Selain itu, masalah lain yang menjadi perhatian Uni Eropa adalah tambang nikel di Indonesia. Riefky berpendapat bahwa pemerintah Indonesia seharusnya terus memperbaiki aspek keberlanjutan dan kelestarian hutan dalam industri nikel.

“Disisi lain, untuk mendukung produk kita tetap kompetitif dan menghasilkan manfaat bagi Indonesia, tentu sulit bagi Uni Eropa. Maka saya rasa sudah benar untuk mencari pasar baru dalam perdagangan internasional,” ungkapnya.

Riefky juga menekankan pentingnya melihat perkembangan situasi dengan cermat. “Kita perlu terus memantau perkembangan kebijakan Uni Eropa dan bagaimana kita dapat menghasilkan produk yang produktif serta meningkatkan aspek ekonomi dalam perdagangan internasional,” tambahnya.
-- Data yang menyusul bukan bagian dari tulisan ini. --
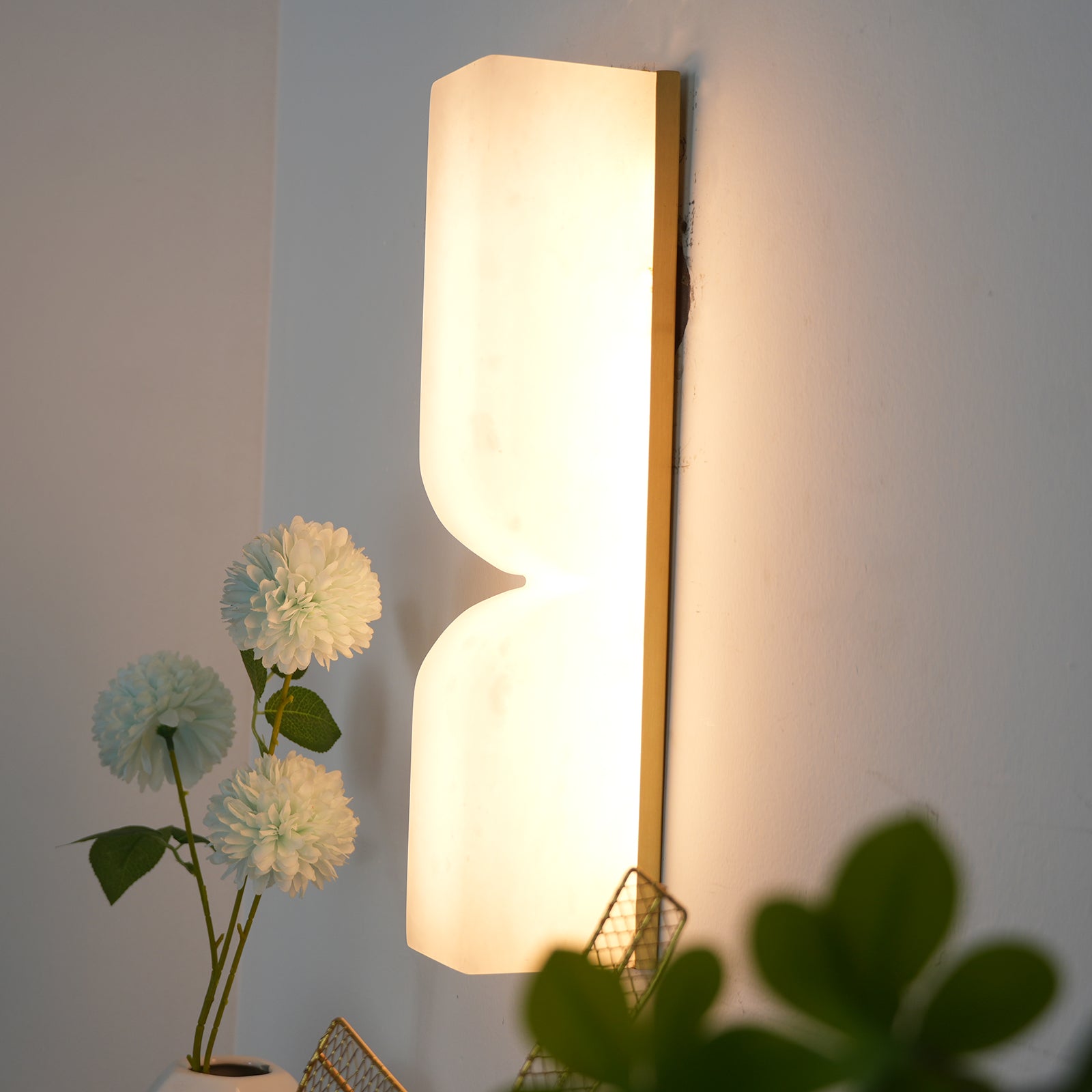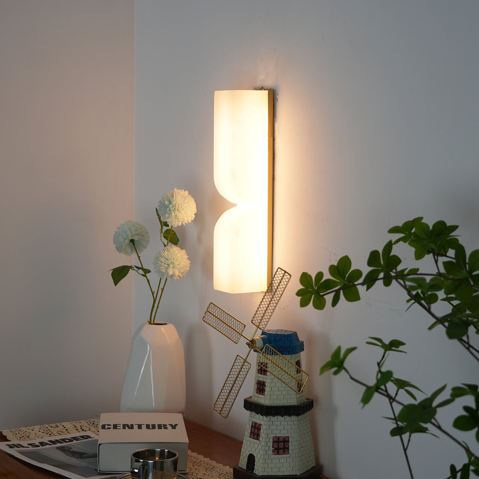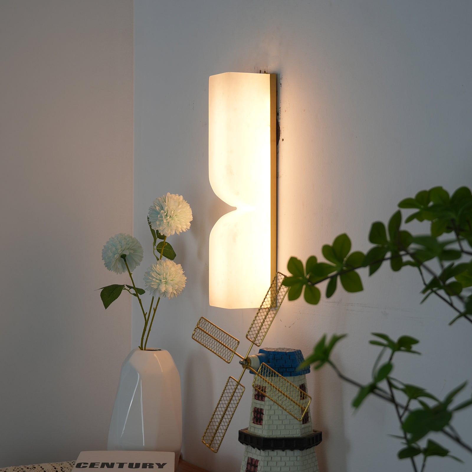 Crafted from natural alabaster, ensuring purity of material and a substantial feel, each lamp features a unique texture. This luxurious material makes it a functional wall sculpture. It features a refined rectangular geometric silhouette, incorporating soft, flowing double-curved lines. This design simulates the harmonious coexistence of two forms in motion, imbuing the stone with a rare sense of dynamism and vitality. When illuminated, the stone emits a soft, warm glow from within. This translucent effect deeply activates the unique natural textures of the alabaster, adding a profound sense of tranquility and artistic soul to the wall.

Dalam menghadapi perubahan kondisi perdagangan global, Indonesia perlu mempertimbangkan berbagai faktor yang memengaruhi ekspor produk-produknya. Uni Eropa sebagai salah satu mitra dagang utama Indonesia memiliki pengaruh yang signifikan terhadap pasar ekspor, terutama dalam hal produk kelapa sawit dan nikel.

Pemerintah Indonesia harus menjaga keseimbangan antara keberlanjutan lingkungan dan kepentingan ekonomi nasional. Langkah-langkah strategis seperti diversifikasi pasar ekspor dan perbaikan aspek-aspek yang diperlukan dalam industri harus menjadi bagian dari rencana jangka panjang.

“Dengan begitu, Indonesia dapat terus beradaptasi dengan dinamika perdagangan internasional sambil menjaga keberlanjutan lingkungan dan ekonomi negara,” tandasnya.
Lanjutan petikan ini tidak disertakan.